Do you run thumbnail.ai? I would really like to try it, but I'm not going to pay before I've seen even a single generated thumbnail in my context. Is it unviable to let people generate at least a few thumbnails before they have to decide whether to pay?

I am a small time youtuber

[+] vunderba|4 months ago|reply

I run a fairly comprehensive model comparison site (generative and editing). In my experience:

NanoBanana and Flux Kontext are the models that get closest to traditional SDXL inpainting techniques.

Seedream is a strong contender by virtue of its ability to natively handle higher resolutions (up to around 4 megapixels) so you lose less detail - however it also tends to alter the color palette more often then not.

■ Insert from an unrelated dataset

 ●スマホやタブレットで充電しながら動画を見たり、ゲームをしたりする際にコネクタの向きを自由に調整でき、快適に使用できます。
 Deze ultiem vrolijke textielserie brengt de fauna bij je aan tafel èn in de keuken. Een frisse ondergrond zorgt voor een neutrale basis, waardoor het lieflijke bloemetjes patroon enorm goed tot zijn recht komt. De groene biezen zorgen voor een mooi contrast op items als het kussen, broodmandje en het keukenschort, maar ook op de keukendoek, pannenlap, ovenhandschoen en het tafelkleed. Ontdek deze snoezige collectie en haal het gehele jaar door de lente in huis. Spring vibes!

Finally GPT-image-1 (yellowish filter notwithstanding) exhibits very strong prompt adherence but will almost always change a number of the details.

[+] gs17|4 months ago|reply

It's interesting to me that the models often have their "quirks". GPT has the orange tint, but it also is much worse at being consistent with details. Gemini has a problem where it often returns the image unchanged or almost unchanged, to the point where I gave up on using it for editing anything. Not sure if Seedream has a similar defining "feature".

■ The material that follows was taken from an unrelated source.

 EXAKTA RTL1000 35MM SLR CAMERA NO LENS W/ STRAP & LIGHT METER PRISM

They noted the Gemini issue too:

> Especially with photos of people, Gemini seems to refuse to apply any edits at all

[+] minimaxir|4 months ago|reply

Nano Banana in general cannot do style transfer effectively unless the source image/subject is a similar style as the target style, which is an interesting and unexpected model quirk. Even the documentation examples unintentionally demonstrates this.

Seedream will always alter the global color balance with edits.

[+] dwringer|4 months ago|reply

I've definitely noticed Gemini's tendency to return the image basically unchanged, but not noticed it being worse or better for images of people. When I tested by having it change aspects of a photo of me, I found it was far more likely to cooperate when I'd specify, for instance, "change the hair from long to short" rather than "Make the hair short" (the latter routinely failed completely).

It also helped to specify which other parts should not be changed, otherwise it was rather unpredictable about whether it would randomly change other aspects.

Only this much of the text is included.